Open Cursor Settings (Cmd/Ctrl + ,)
Navigate to MCP & Integrations
Click Add Custom MCP
Paste:

{
  "mcpServers": {
    "bruin": {
      "command": "bruin",
      "args": ["mcp"]
    }
  }
}

Restart Cursor.

To verify, ask Cursor's chat: "Use the Bruin MCP to fetch the docs for bruin import database." It should pull the doc page via bruin_get_doc_content.

Codex

Add this to ~/.codex/config.toml:

[mcp_servers.bruin]
command = "bruin"
args = ["mcp"]

Restart Codex.

To verify, ask Codex: "Use Bruin MCP to list connection types Bruin supports." It should return the list from bruin_get_doc_content.
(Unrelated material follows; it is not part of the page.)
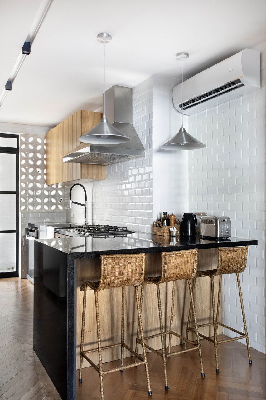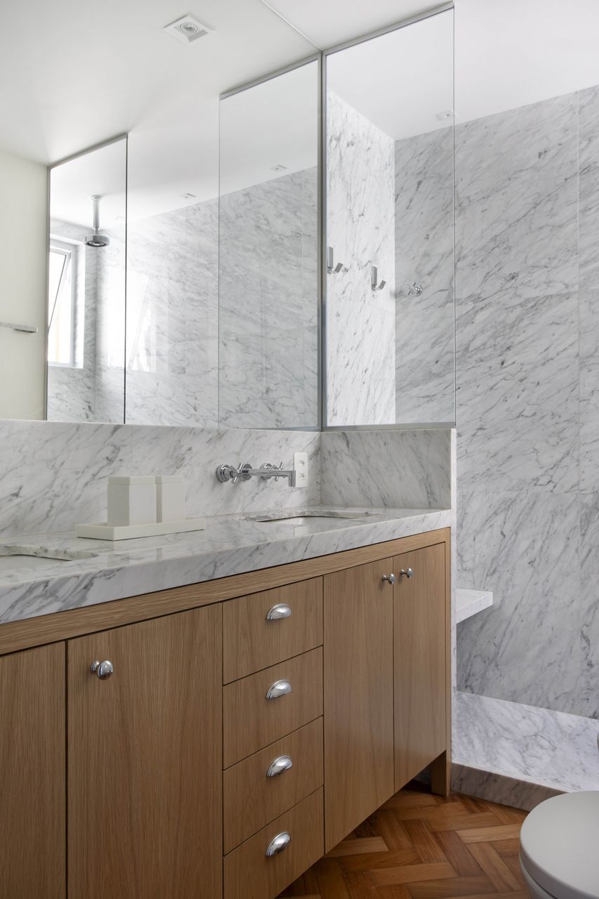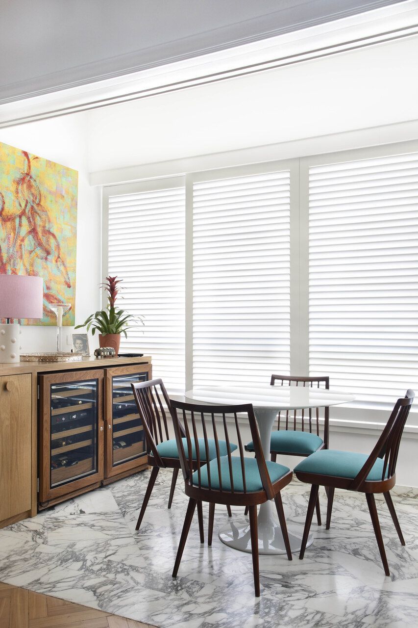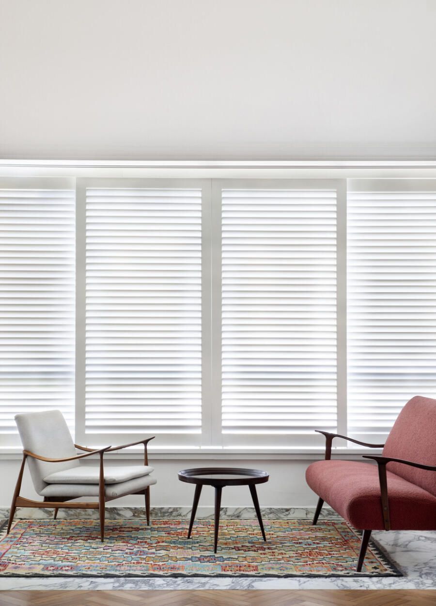 Na área social, a preservação de materiais originais funciona como uma âncora histórica de extrema elegância. O piso em taco de peroba-do-campo, com sua icônica paginação em espinha de peixe, foi meticulosamente restaurado para recuperar seu brilho e calor, estendendo-se inclusive para a cozinha para reforçar a unidade visual. Outros detalhes, como a porta de entrada em serralheria e o mármore original próximo às janelas, foram mantidos como testemunhas da arquitetura de época. Para filtrar a luz do Rio e garantir o conforto térmico, painéis venezianos deslizantes em laca branca foram instalados, permitindo controlar a privacidade sem perder a luminosidade natural.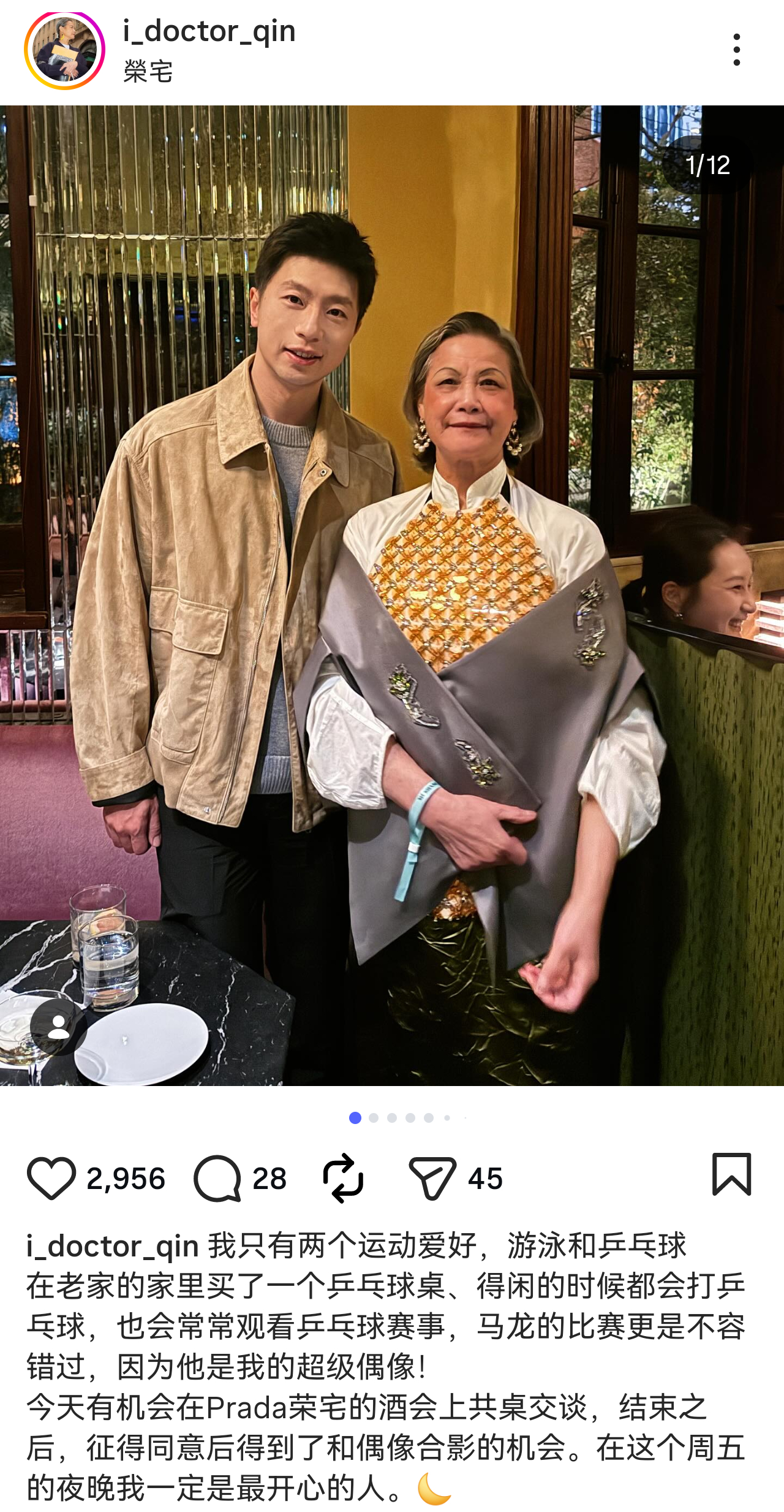 两次和阿姨合影都侧身低头了

2. Confirm `bruin query` works as the agent will use it

Run a sanity-check query against your warehouse using the scoped config, exactly the way the agent will:

bruin query \
  --config-file context/.bruin.yml \
  --connection contoso_dbt_bq \
  --query "SELECT category_name, SUM(revenue_usd) AS rev
           FROM \`bruin-playground-arsalan.contoso_dbt_reports.rpt_revenue_by_segment\`
           WHERE year = 2024
           GROUP BY 1
           ORDER BY rev DESC
           LIMIT 10"

You should get a small result table back. Because the connection uses Application Default Credentials, no keyfiles change hands - the agent runs SQL as your gcloud auth application-default login identity.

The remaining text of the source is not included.